• [AVAILABLE DATA]
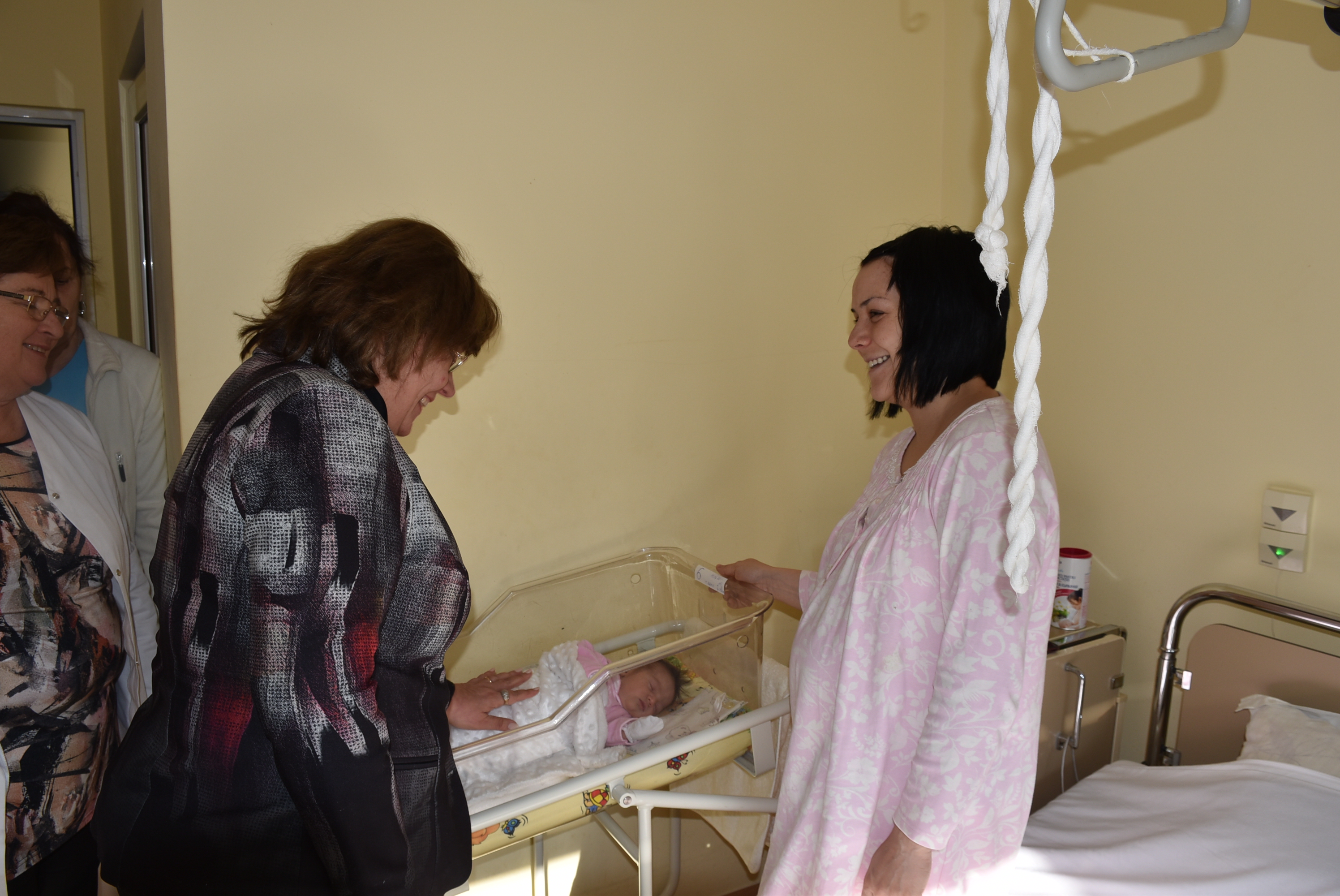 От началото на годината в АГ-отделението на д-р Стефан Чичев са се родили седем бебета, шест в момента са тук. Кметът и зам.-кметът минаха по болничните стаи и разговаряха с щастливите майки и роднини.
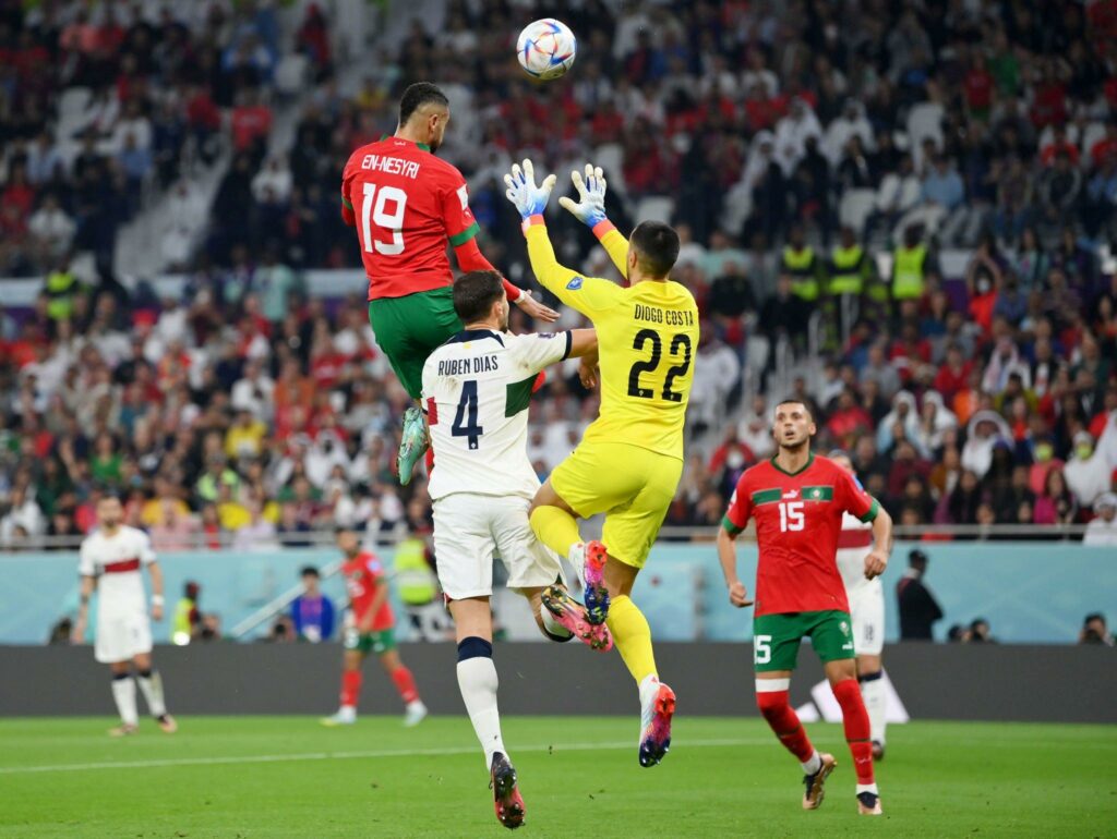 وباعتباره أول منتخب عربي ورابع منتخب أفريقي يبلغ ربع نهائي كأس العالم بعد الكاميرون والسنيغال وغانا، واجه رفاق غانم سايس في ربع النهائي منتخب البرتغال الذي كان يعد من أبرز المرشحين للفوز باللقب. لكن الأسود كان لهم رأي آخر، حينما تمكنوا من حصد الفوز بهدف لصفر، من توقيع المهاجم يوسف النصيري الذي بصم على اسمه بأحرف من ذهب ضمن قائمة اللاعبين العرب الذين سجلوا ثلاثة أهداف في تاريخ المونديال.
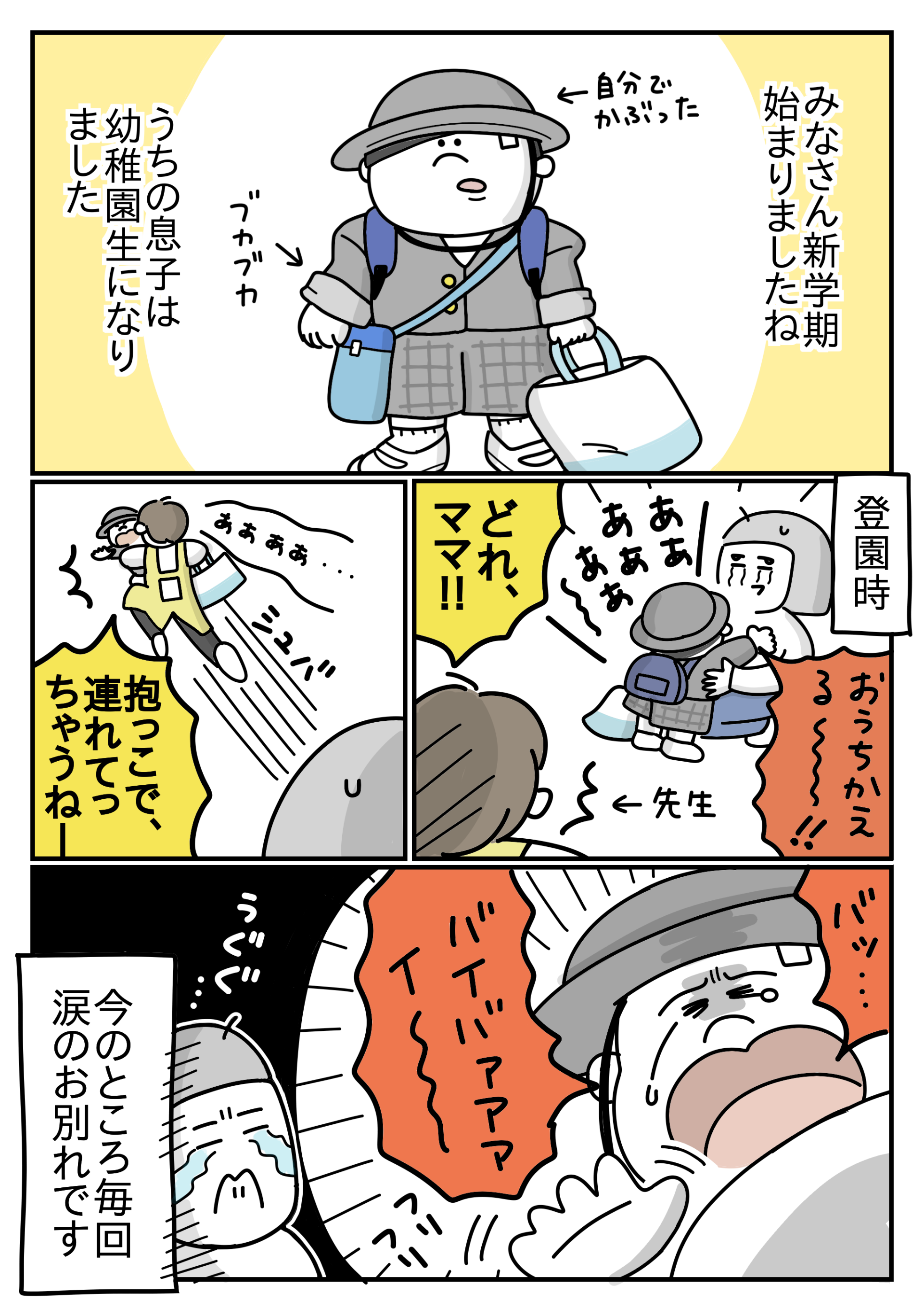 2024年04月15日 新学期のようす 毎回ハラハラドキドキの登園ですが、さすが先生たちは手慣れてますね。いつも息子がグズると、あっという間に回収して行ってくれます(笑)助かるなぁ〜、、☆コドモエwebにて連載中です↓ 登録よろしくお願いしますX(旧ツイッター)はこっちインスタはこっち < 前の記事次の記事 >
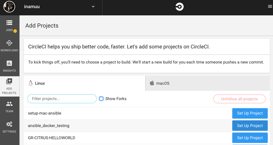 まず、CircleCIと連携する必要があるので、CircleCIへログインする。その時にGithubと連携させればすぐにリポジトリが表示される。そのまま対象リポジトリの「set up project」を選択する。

• [PROBLEM TO WORK ON]
With the pictures left out, return the listing above exactly as it stands.

• [YOUR SOLUTION]
 От началото на годината в АГ-отделението на д-р Стефан Чичев са се родили седем бебета, шест в момента са тук. Кметът и зам.-кметът минаха по болничните стаи и разговаряха с щастливите майки и роднини.
 وباعتباره أول منتخب عربي ورابع منتخب أفريقي يبلغ ربع نهائي كأس العالم بعد الكاميرون والسنيغال وغانا، واجه رفاق غانم سايس في ربع النهائي منتخب البرتغال الذي كان يعد من أبرز المرشحين للفوز باللقب. لكن الأسود كان لهم رأي آخر، حينما تمكنوا من حصد الفوز بهدف لصفر، من توقيع المهاجم يوسف النصيري الذي بصم على اسمه بأحرف من ذهب ضمن قائمة اللاعبين العرب الذين سجلوا ثلاثة أهداف في تاريخ المونديال.
 2024年04月15日 新学期のようす 毎回ハラハラドキドキの登園ですが、さすが先生たちは手慣れてますね。いつも息子がグズると、あっという間に回収して行ってくれます(笑)助かるなぁ〜、、☆コドモエwebにて連載中です↓ 登録よろしくお願いしますX(旧ツイッター)はこっちインスタはこっち < 前の記事次の記事 >
 まず、CircleCIと連携する必要があるので、CircleCIへログインする。その時にGithubと連携させればすぐにリポジトリが表示される。そのまま対象リポジトリの「set up project」を選択する。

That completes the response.